I took aim at the top hinge again, and taking up the slack of the trigger, eased back. The rifle leaped in my hands and the door sagged. Hastily I shifted my aim to the lower hinge and finished it off with two more shots.

My position was perfect. I lay among rocks and brush on a bench overlooking the ranch yard, where the barn door, the rear of the house and every inch of the space around the bunkhouse door were visible. Nor was there any way for a man to slip out and get into the brush without exposing himself. There was no cover away from the ranch buildings.

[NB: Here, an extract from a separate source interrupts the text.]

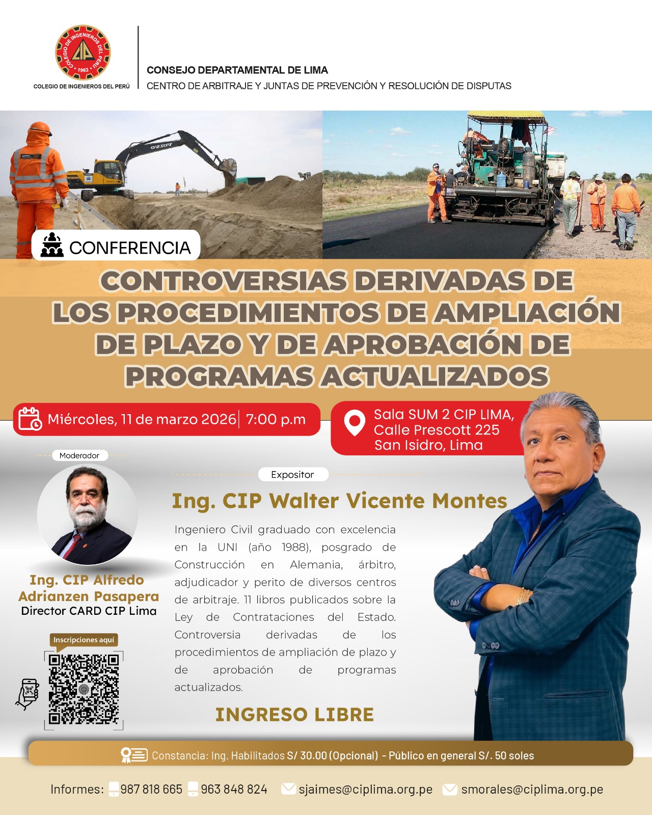 Constancia: Ing. Habilitados S/ 30.00 (Opcional) – Público en general S/. 50 soles
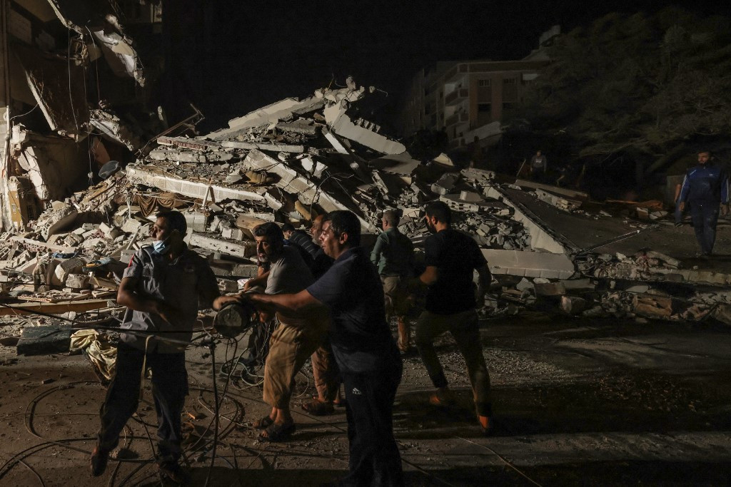 Palestinian firefighters search urgently for survivors and bodies under the rubble after an intensive civilian bombardment of Gaza City, 16 May 2021. Israel pummelled the Gaza Strip with air strikes, killing 10 members of an extended family and demolishing a building housing international media outlets, as Palestinian militants fired back barrages of rockets. (AFP/Mohammed Abed)

The door was open now, and I put two rifle bullets through the opening, heard a startled yelp from one of the men, then fired again, knocking more glass out of the window. Although I still had shells in the rifle, I took time out to refill the magazine.

Several minutes passed. I put the rifle down and rolled a smoke. Shifting my position to one more comfortable, I waited. A couple of tentative shots were fired from the house, both wide of my position.

One man suddenly ducked from the barn and darted toward a heavily planked water trough. I let him run, then as he dove behind the trough I put two bullets through it, right over his head, letting the water drain out over his head and shoulders. When he made a move, I put a bullet into the dirt beside him.

Waiting, I saw his rifle barrel come up. His position was a little better, but obviously he was trying to reach the corner of the corral from which he might outflank me. His rifle barrel was steadied against the post at the end of the trough. Taking careful aim at the edge of the post just above the rifle, I fired.